7世紀の飛鳥時代までの日本は、国名を倭と言い、天皇陛下は外国に対して「倭国王」を名乗っていました。倭国王は手紙(国書)を支那の皇帝に送り、皇帝も返事をよこしました。両者の間には国交があったわけです。
ところが日本は、680年頃に国名を「日本」に変え、天皇陛下は支那の皇帝に対して「天皇」を名乗りました。国名の変更は特に問題ありませんが、「天皇」を名乗ることは重大な外交上の問題を引き起こしました。天皇は皇帝と同格の称号です。
世界はただ一人の皇帝によって支配されるべきだと考える中華思想から、支那人は天皇という称号は決して認めることができません。

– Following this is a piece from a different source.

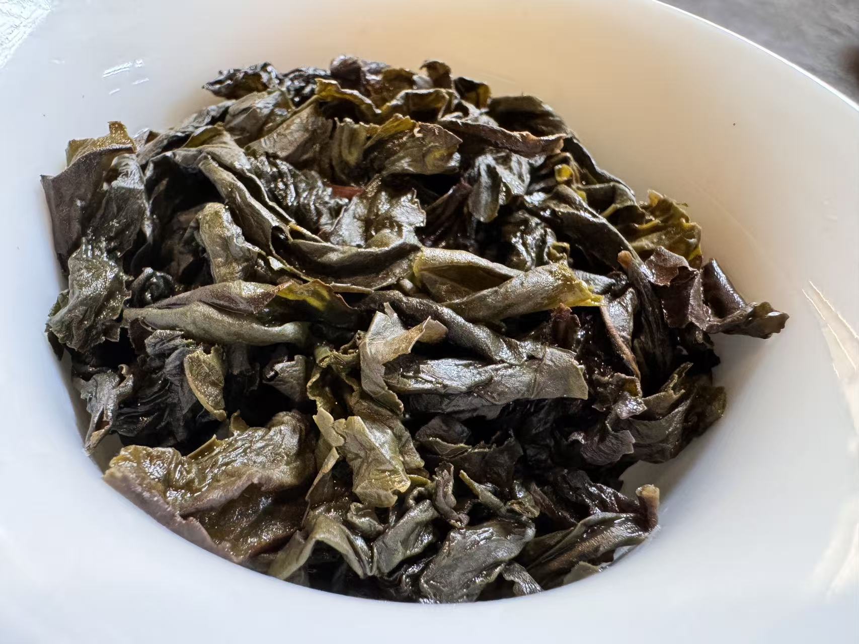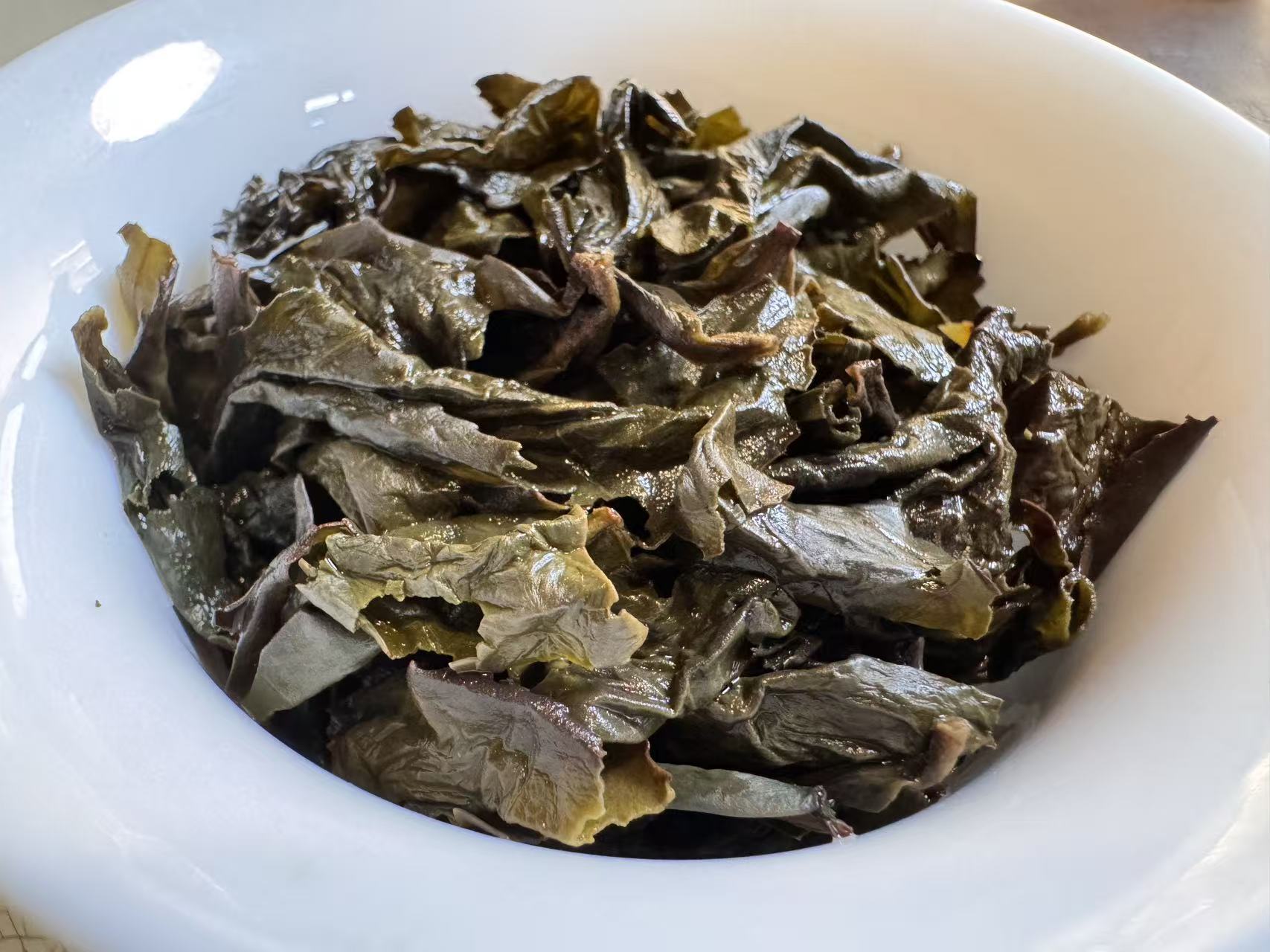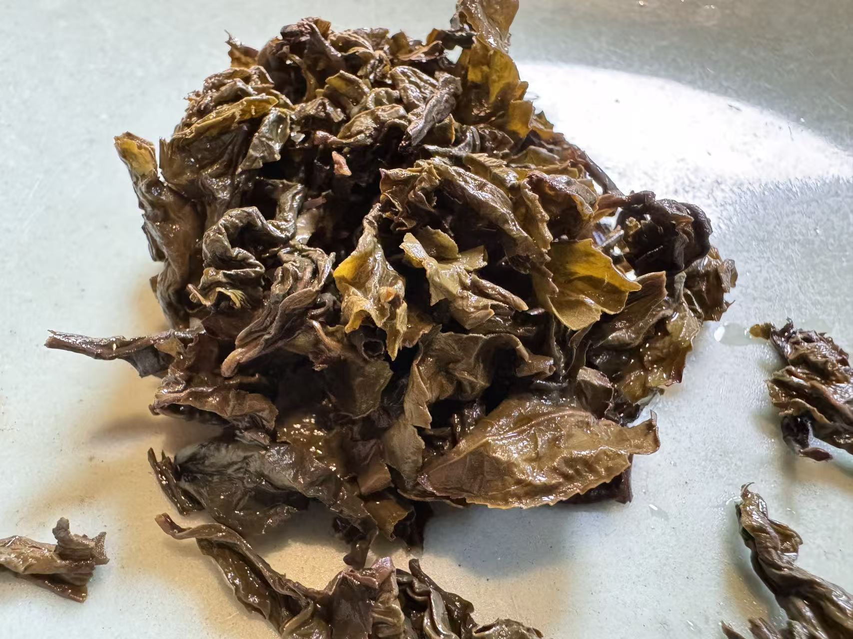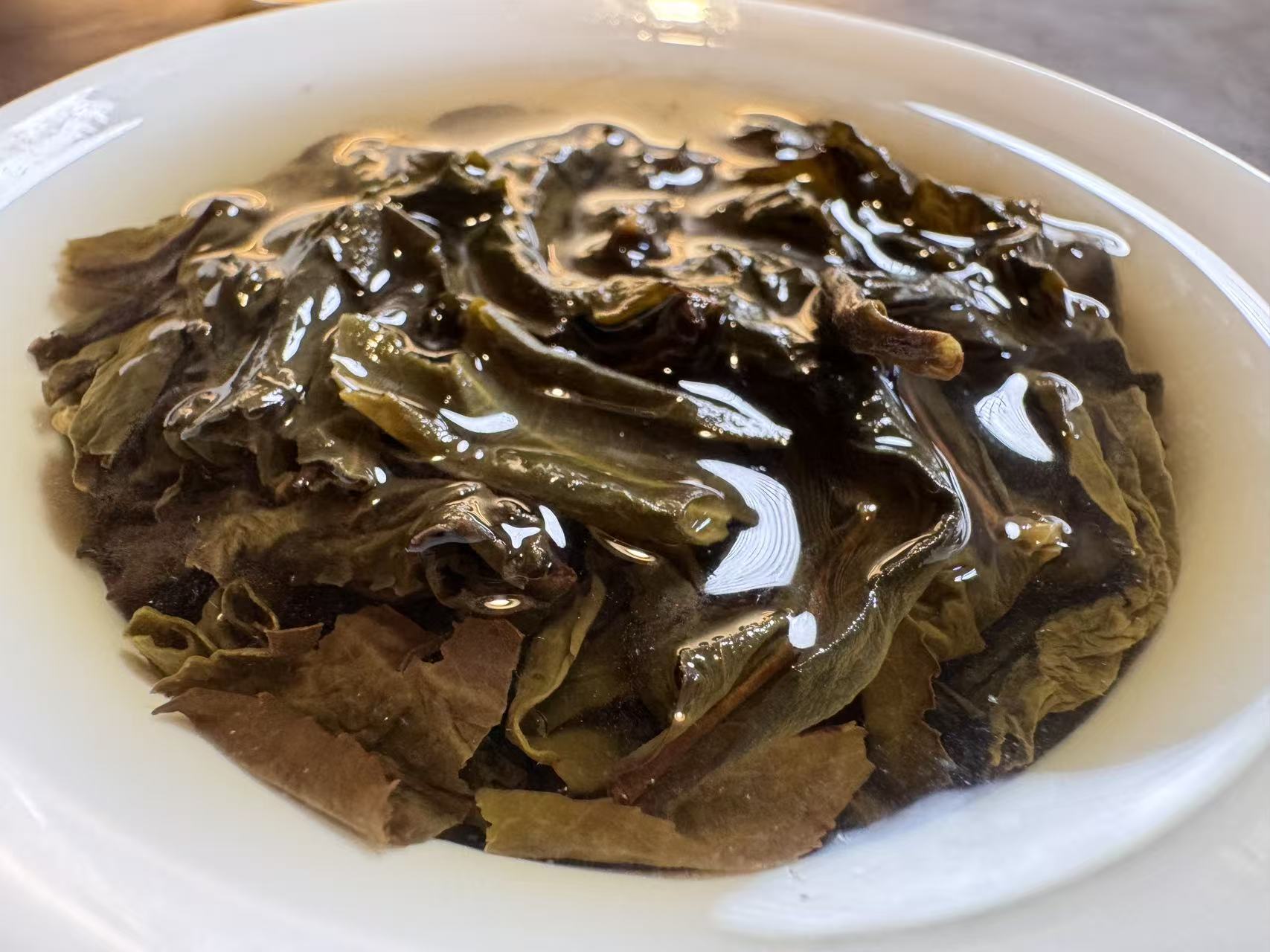 为了确定内含物质的丰富度,我又加闷了6分钟,下面是第四道的叶底和汤色。

以後、日本の天皇陛下と支那の皇帝陛下との間の手紙のやり取りは、なくなりました。天皇陛下が、差出人「日本国天皇」と書いた手紙を出しても、皇帝陛下は受理しませんでした。
支那の歴史書には、以前は「倭国王○○の使いである××が来た」と書いてありました。ところが称号変更後は、「日本から使いの△△が来た」とだけ書くようになりました。手紙の差出人の立場を認めないということは、もはや国交ではありません。
何人かの学者は、「当時の天皇陛下は危険な支那の王朝と係りたくなかったから、わざと国交を断絶したのではなかったか」と考えています。

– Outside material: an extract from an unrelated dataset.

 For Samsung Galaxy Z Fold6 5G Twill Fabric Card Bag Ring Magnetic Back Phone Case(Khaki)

680年以後も遣唐使が行き来しましたが、これは単なる文化交流であって、国交ではありません。日本と北朝鮮間には国交がありませんが、アジア大会などを通じてのスポーツ交流はあります。遣唐使もこのような性格のものと考えるべきです。
この遣唐使も平安時代中期の894年に廃止され、以後明治になるまでの1000年間、一切の国交はありませんでした。
国交は、国家と国家の相反する意思を調整する行為です。その交渉を通じて、相手国の国の成り立ちやもっとも重視する価値観などを知ることができます。日本は1000年間、支那という国を知ることができなかったのです。